Having to choose between a flagship of Quebec’s aerospace industry and an American giant, Justin Trudeau’s government preferred to order new maritime surveillance planes from Boeing rather than Bombardier. Preferred, since this contract of more than ten billion dollars was awarded by mutual agreement, without any valid reason other than wanting to please Defense and the Royal Air Force. And this, coming from a government which once denounced precisely this same behavior. The liberals are today at the height of incoherence.
In the name of “national security”, the federal government plans to purchase up to 16 Poseidon P-8A aircraft from Boeing, to replace its old CP-140 Aurora from the early 1980s. The nature of the threat has since greatly evolved , maritime surveillance devices must be able to detect it even in the seabed and then counter it, the Liberal ministers tried hard to explain last Thursday. The context and the aggressiveness of Russia therefore dictated the purchase of a device available quickly, already tested and piloted. And not to open the door to a “concept” in development, they repeated.
It is true that converting Bombardier’s business jet, the Global 6500, into a military aircraft armed with sensors and torpedo launchers is no small operation. Its outcome is uncertain.

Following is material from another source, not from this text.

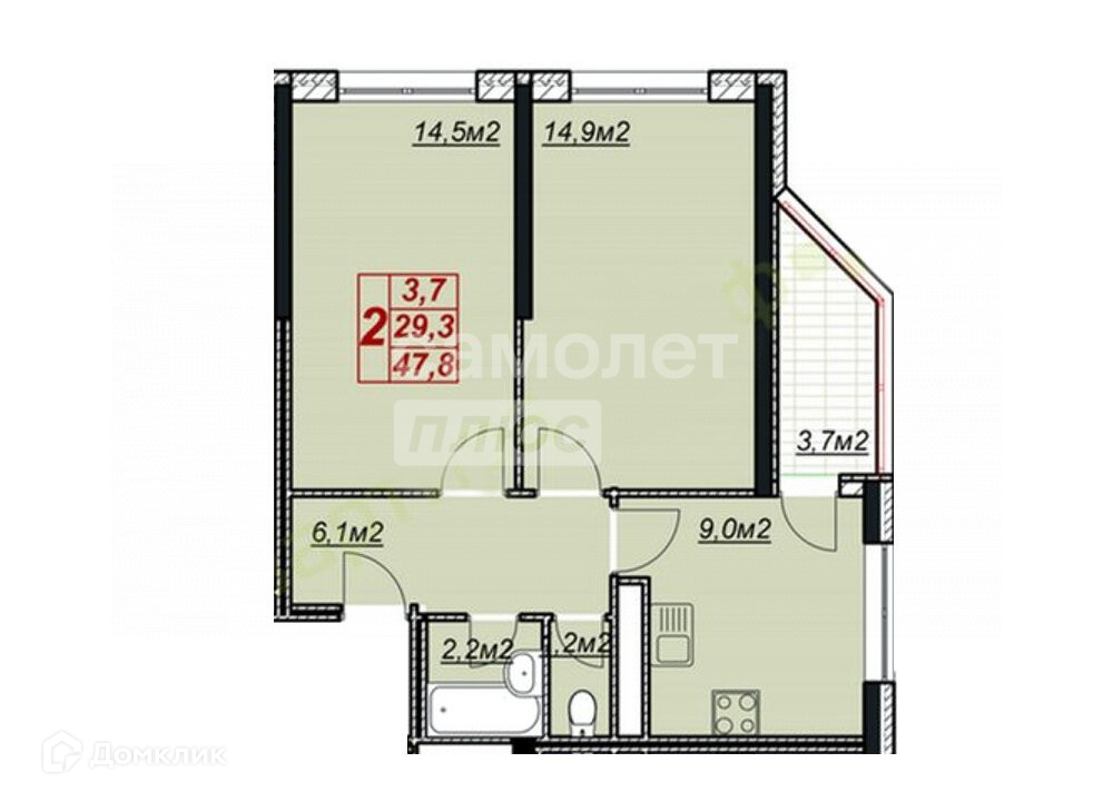 Жилая площадь 29.4 м2

And the adventure would take a few years, while the Aurora devices will reach their end of life at the start of the next decade.
It is also true that the interoperability of the Canadian fleet with that of its allies, in order to coordinate, should not be neglected. The P-8A is used by member countries of Canada’s strategic alliances (NORAD, Five Eyes, and three NATO partners).

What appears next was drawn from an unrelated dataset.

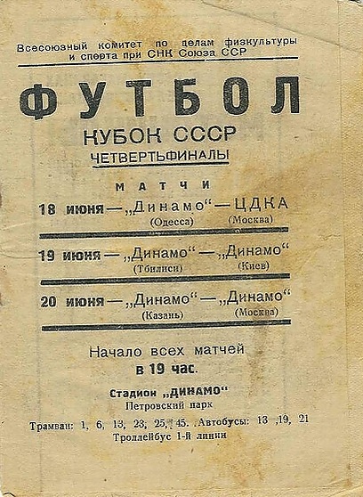 1936 год стал поворотным для отечественного футбола. Впервые был разыгран чемпионат страны среди команд спортивных обществ и ведомств. Московское «Динамо» стало первым чемпионом СССР, выиграв все 6 матчей весеннего первенства. В 1937 году динамовцы первыми в советском футболе добились «золотого дубля», став одновременно и чемпионами, и обладателями Кубка СССР. Также были проведены два матча с сборной Басконии. Оба матча динамовцы проиграли (1:2), (7:4). В 1938 и 1939 года у команды не ознаменовались яркими победами — победные места в эти годы доставались другим командам. В 1938 «Динамо» заняло 5-ю строчку в таблице, а в 1939 7-ю. Но в 1940 году динамовцы вернули себе первенство и также уверенно лидировали в чемпионате 1941 года. В военные годы чемпионаты страны, как известно, были прерваны, однако футбольные состязания не прекращались. Осенью 1941 года первенство не было завершено из-за введения в Москве осадного положения и наступления холодов. Но весной игры возобновились, и именно динамовцы победили в весеннем первенстве 1942 года. В 1941—1944 годах было проведено 5 чемпионатов столицы[5].

But what is above all true is that the Air Force itself had internally targeted the Boeing aircraft as being the only one suitable for its operational needs, according to the minister’s admission. of Defense, Bill Blair.
The latter can perhaps be forgiven for his burst of candor. He was not elected when his colleagues played in precisely the same film, ten years ago.
These same federal Liberals – of whom Justin Trudeau was a member – were outraged to see Stephen Harper select, at the request of Defense, observed the Auditor General, the F-35 from Lockheed Martin to replace the fleet of fighter planes Canadians. A decision worthy of a “military dictatorship”, they denounced. In the absence of a call for tenders, the Conservative government was asking Parliament for “a blank check,” lamented opposition MP Dominic LeBlanc, now Minister of Public Security.
Now his government is taking on an identical scenario. And too bad for probity and good public governance, as well as for Bombardier, which is banking on the military market to diversify its activities.
For all the reasons cited above, the Quebec company would probably not have been selected, following a competition open to more than one bidder. But by going to the trouble of holding a call for tenders, or at least offering advance notice of contract award, Ottawa would have allowed Bombardier to defend its proposal for a new generation aircraft, which would be eyed by three or four countries, depending on the company.
However, if its own government turns its back on its plane, Bombardier will now have a harder time convincing these foreign leaders to buy it. So many missed opportunities for this chapter in the future of the aeronautics industry, which could not only have been partly supplied in Quebec (as will also be the Boeing aircraft), but also, in the case of Bombardier, designed and developed in Quebec.
It is also François Legault and Doug Ford that the Trudeau government has just ignored. Just as the unanimous will of the National Assembly and that of a federal parliamentary committee which, like the prime ministers of Quebec and Ontario, demanded that Ottawa grant the Quebec and Canadian giant the fairness of seek this lucrative contract.
Ottawa instead rolled out the red carpet for Boeing which, barely six years ago, launched a trade war against Bombardier and the Canadian government, which the American giant accused of unfairly subsidizing the CSeries. The American rival is thus rewarded, while the Quebec flagship is sidelined.
The Harper government’s naval strategy had also excluded the Quebec bidder from Davie. Proof that Ottawa — with or without a call for tenders, under a liberal or conservative reign — too often has the reflex to shun Quebec.
It took more than a decade for the federal government to finally correct the situation and open the coffers of its billions of dollars in contracts at the Lévis shipyard. Too little hope for Bombardier to see in turn, one day, such a hand also extended towards it.